Dominique Thorne (born November 5, 1997) is an American actress. She began her career with appearances in the films If Beale Street Could Talk (2018) and Judas and the Black Messiah (2021). In 2022, she began playing Riri Williams / Ironheart with the Marvel Cinematic Universe feature film Black Panther: Wakanda Forever, a role she reprised in the 2025 Disney+ miniseries Ironheart. In 2024, she starred in the Anna Boden and Ryan Fleck film Freaky Tales.

== Early life ==
Thorne was born November 5, 1997, to Trinidadian and Guyanese immigrants Nerissa and Gavin Thorne in Brooklyn, New York. She has two younger brothers. Her family later moved to Newark, Delaware.

Thorne attended the Professional Performing Arts School in Manhattan (PPAS) where she studied dramatic theatre formally. During her senior year of high school, she won the 2015 Young Arts Award in Spoken Theater as well as the U.S. Presidential Scholar in the Arts, which is given annually by the White House. After applying to a number of universities for both academics and art programs, Thorne chose to attend Cornell University, where she was initiated into Mu Gamma chapter of Delta Sigma Theta sorority in Spring 2018. The following year, she received her bachelors degree in Human Development with a minor in Inequality Studies. Prior to graduating in May 2019, she became a member of the Sphinx Head secret senior honors society.

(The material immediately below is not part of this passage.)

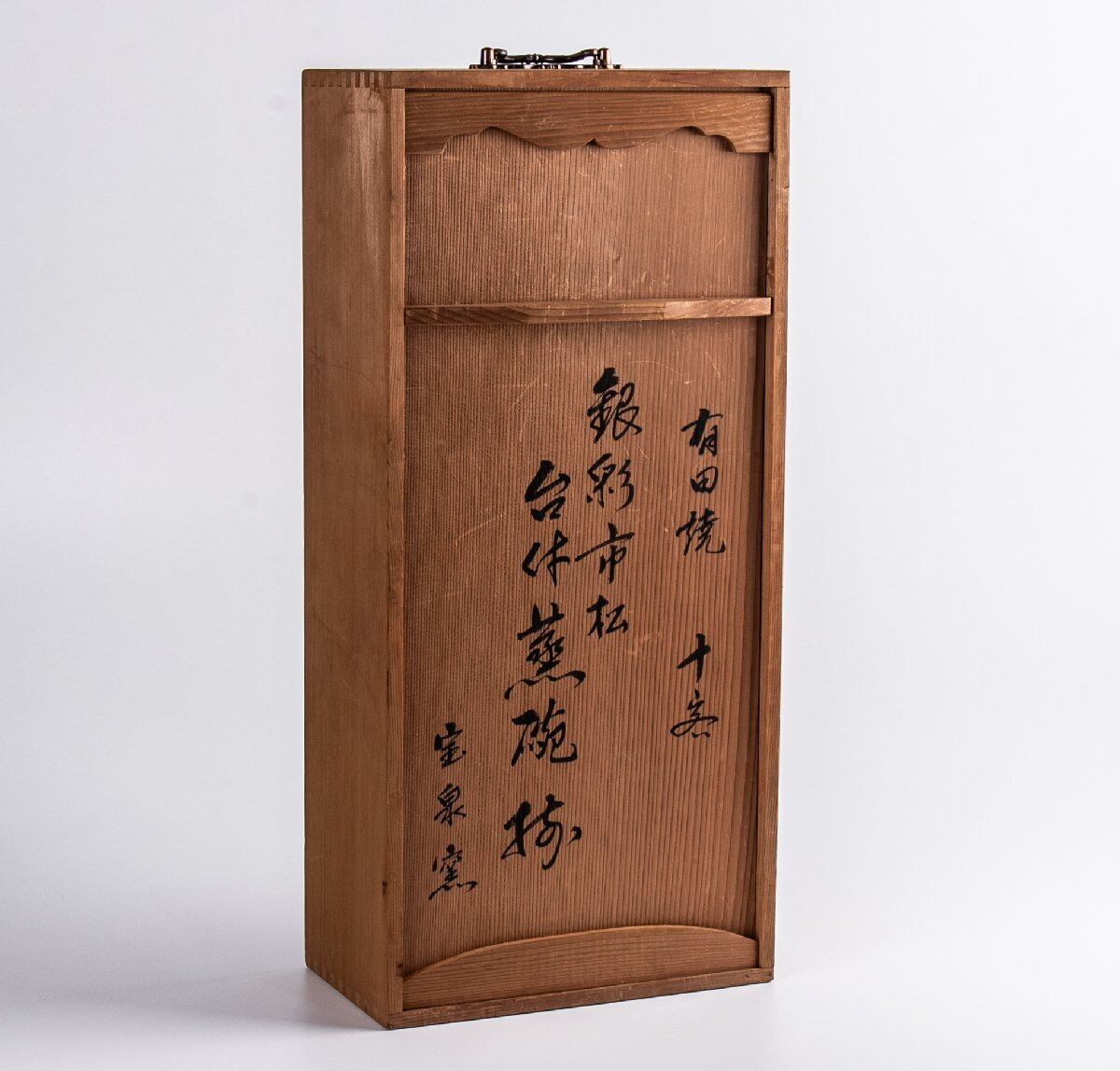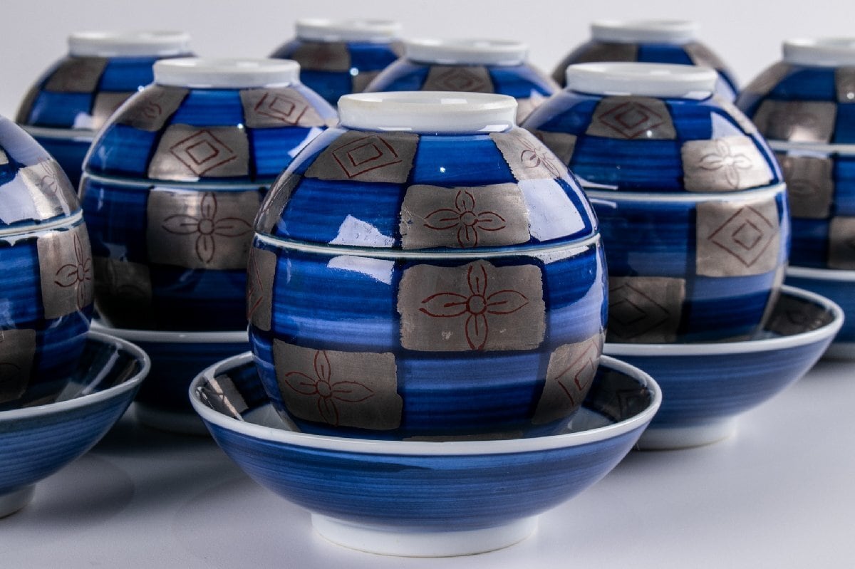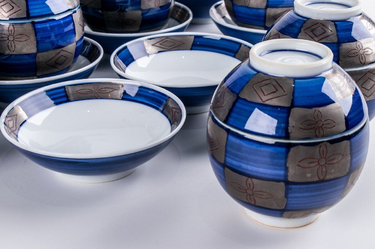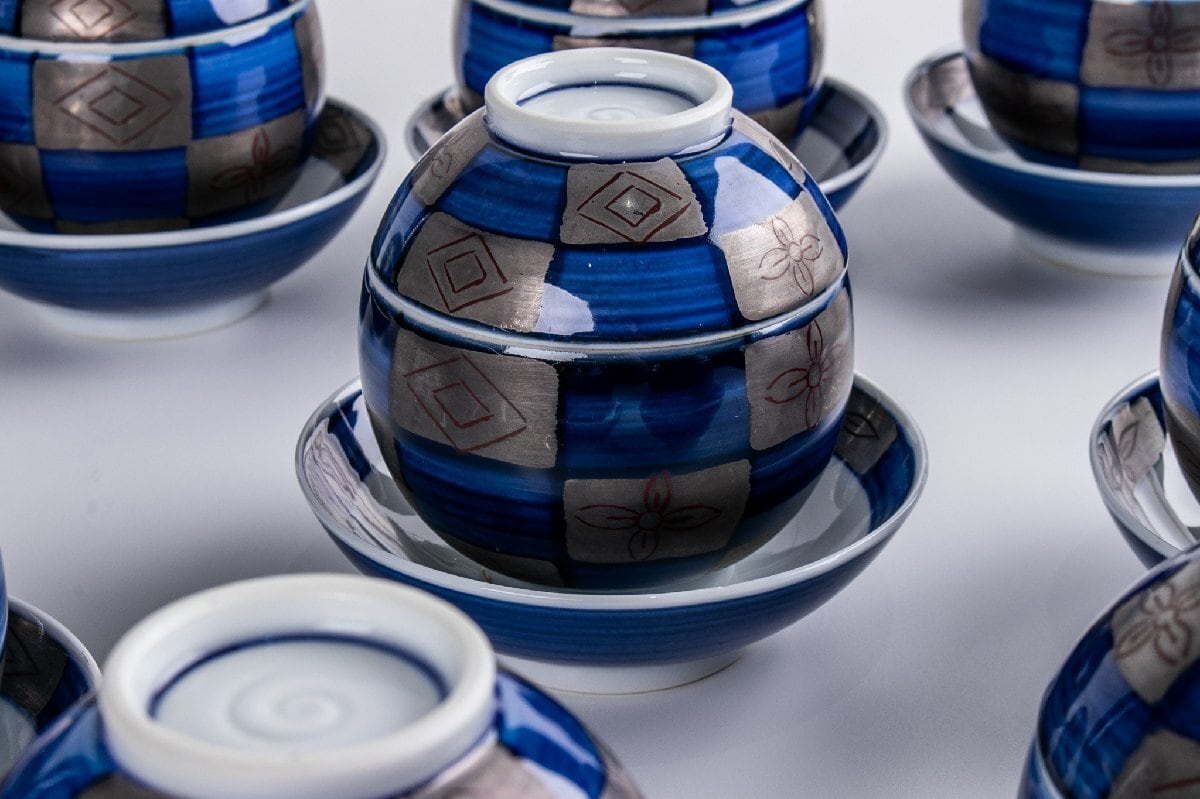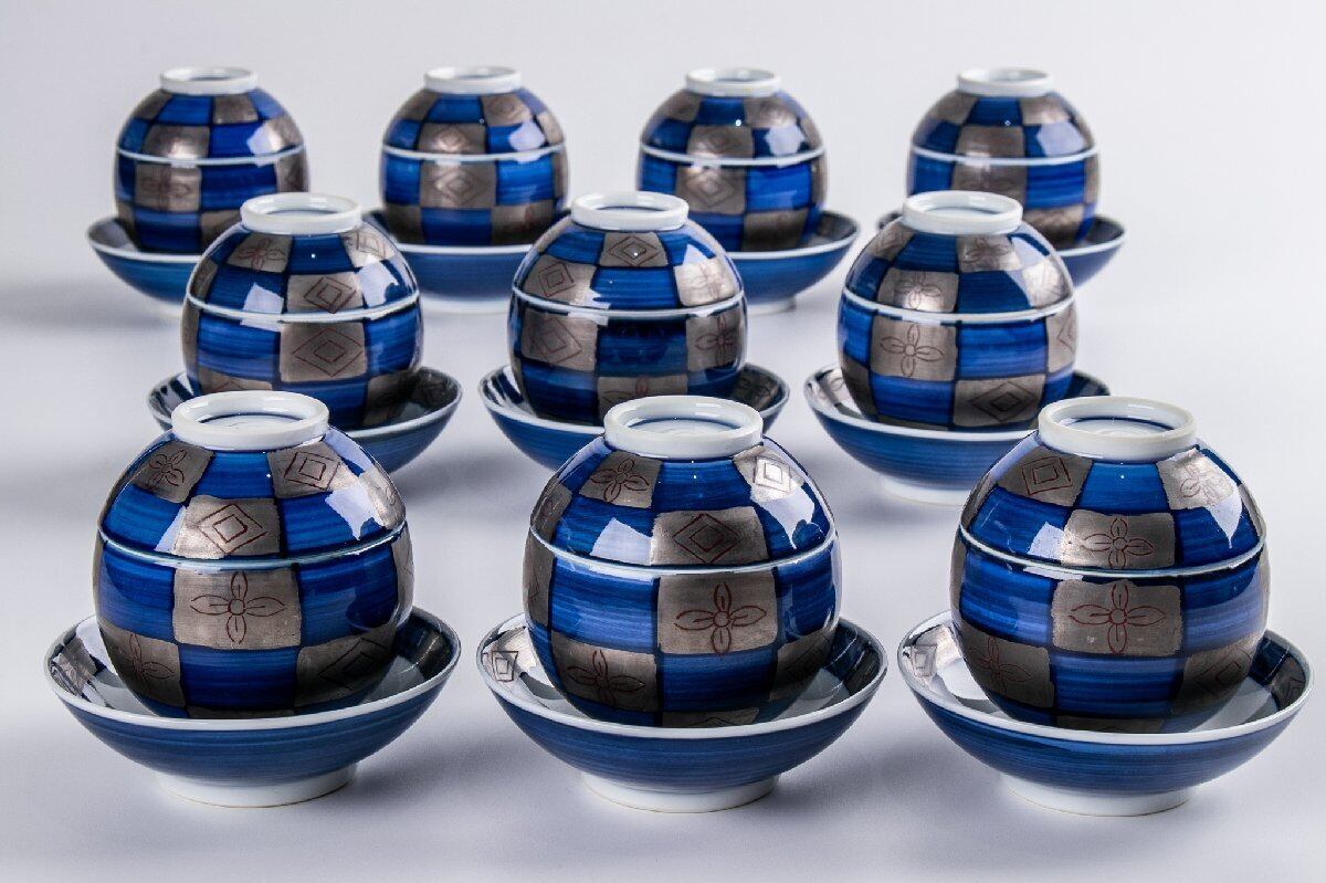 有田焼 宝泉窯 銀彩市松文 台付蒸碗 10客 箱付 E1938A

As of 2020, she and her family live in Atlanta.

==Career==
In 2018, Thorne made her feature film debut as Shelia Hunt, the ill-tempered younger sister of main character Fonny Hunt, in the film If Beale Street Could Talk, which was based on James Baldwin's novel of the same name. In 2021, she played Judy Harmon, a member of the Black Panthers, in the film Judas and the Black Messiah.

In 2016, she auditioned with Marvel Studios for the role of Shuri in the 2018 Marvel Cinematic Universe film Black Panther. Her audition involved screen tests with Chadwick Boseman. The role eventually went to Letitia Wright.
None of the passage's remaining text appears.